For Artwork in Focus we explore individual artworks, critiquing their style and discussing their socio-political context. Today we look at Tower Shaped Casket (12th century) by an Unidentified Artist.
About the Work
Title : Tower Shaped Casket
Artist : Unidentified Artist
Year : 12th century
Medium : Ivory plaques mounted on oak, with gilt bronze fittings
Dimensions : 28 x 22.5 x 22.5 cm (11 x 8 7/8 x 8 7/8 in.)
Location : Harvard Art Museums, Cambridge, Massachusetts.
During the Middle Ages, it was common for the Catholic Church as an institution to commission works and objets d’art. These were subsequently either used for decoration or ritual in the church. Artists creating these works would use the finest and richest materials to create them, since they were for the Church. Ivory and gold were commonly used, among other precious stones.

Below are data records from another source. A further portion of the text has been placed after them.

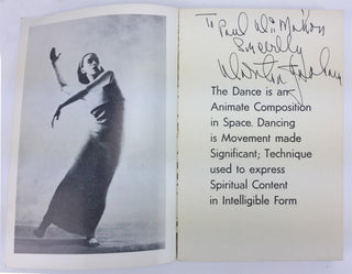Republication of editor and designer Merle Armitage's 1937 volume on the important dancer and choreographer, signed and inscribed by Graham on the first page: "To Paul McMahon / Sincerely, Martha Graham." 132 pp. Softcover. Spine faded, small split to front gutter; overall fine. 5.25 x 8 inches (13.5 x 20.3 cm).
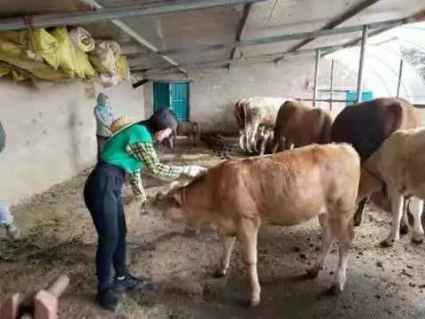 学员在牛圈喂牲口。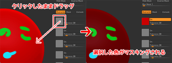 Mask by PolyPaintを起動し、右のマスク選択チャンネルをクリック、そのまま変更したいカラー上でまでポインターをドラッグし、放します。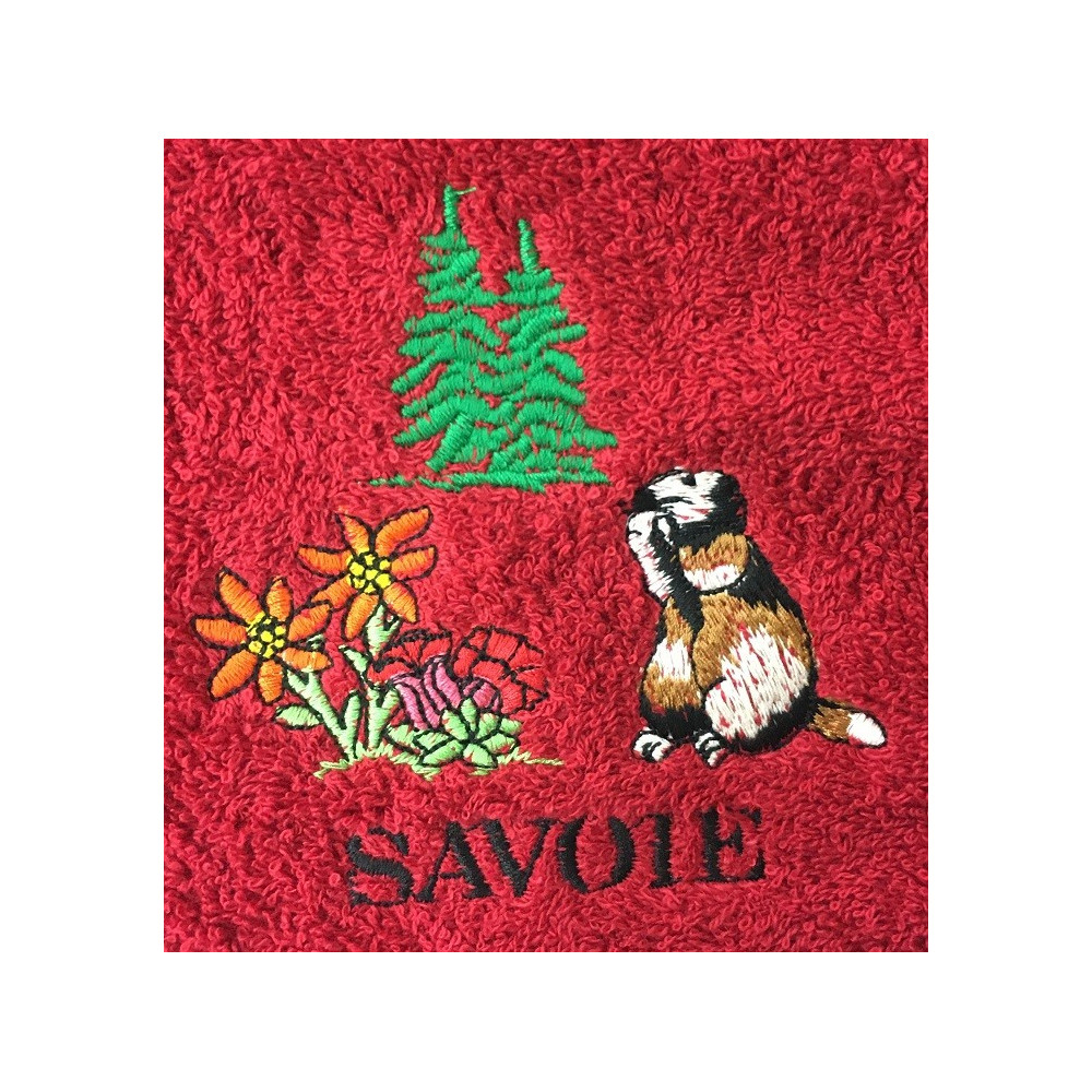 Essuie main en éponge brodée avec de véritable motifs montagnards brodés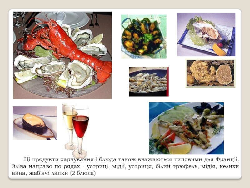 Слайд 30 Ці продукти харчування і блюда також вважаються типовими для Франції.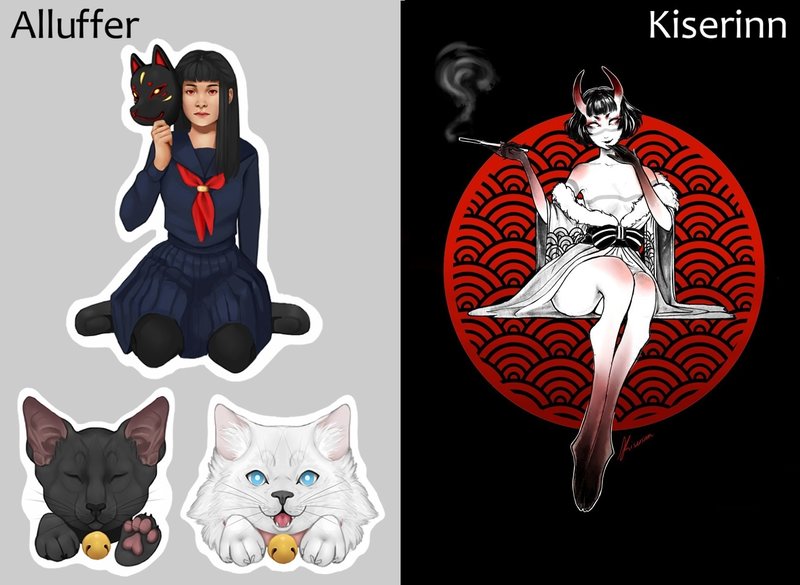 Kiserinn: Pöydältäni löytyy fanitaidetta sekä originaalitöitä printteinä sekä tarroina, ja niitä löytyy monessa eri koossa. Sarjoista hyvin edustavat esimerkiksi studio ghiblin työt ja originaalitöitä inspiroivat mm. eläimet ja luonto!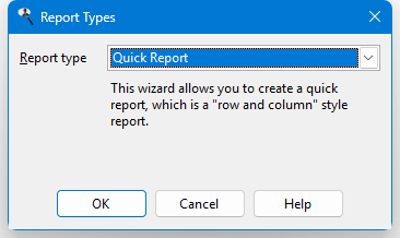 Quick report: a "row and column" style report. This is the most common type of report in Stonefield Query.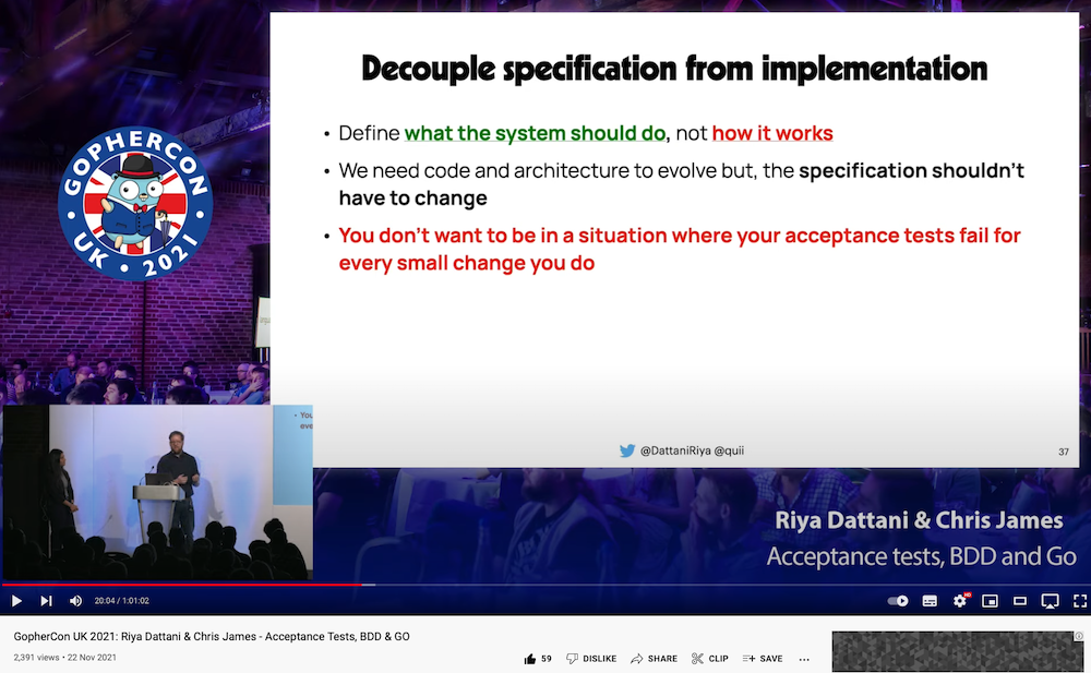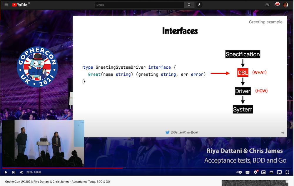 Finally, Riya Dattani and I spoke about this topic in the context of BDD in our talk, Acceptance tests, BDD and Go.

According to the digital archive of the Harvard Art Museums :
“The distinctive five-lobed handle and ornamental latch of this box, made of ivory plaques set around a wooden core, are typical of a group of objects made in Sicily in the twelfth century, when the island was under Norman Christian rule…The box eventually became part of what is known as the Guelph Treasure, a hoard of objects housed for over nine hundred years in the Cathedral of Saint Blaise, in Brunswick, Germany.”
This box was most probably used to hold jewelry, or as a wedding box. It was sold by the descendants of the Duke of Brunswick to the Museum.
Unidentified Artist’s Tower Shaped Casket is housed in the Harvard Art Museums in Room 2440. It is part of the museum’s collection of Medieval Art.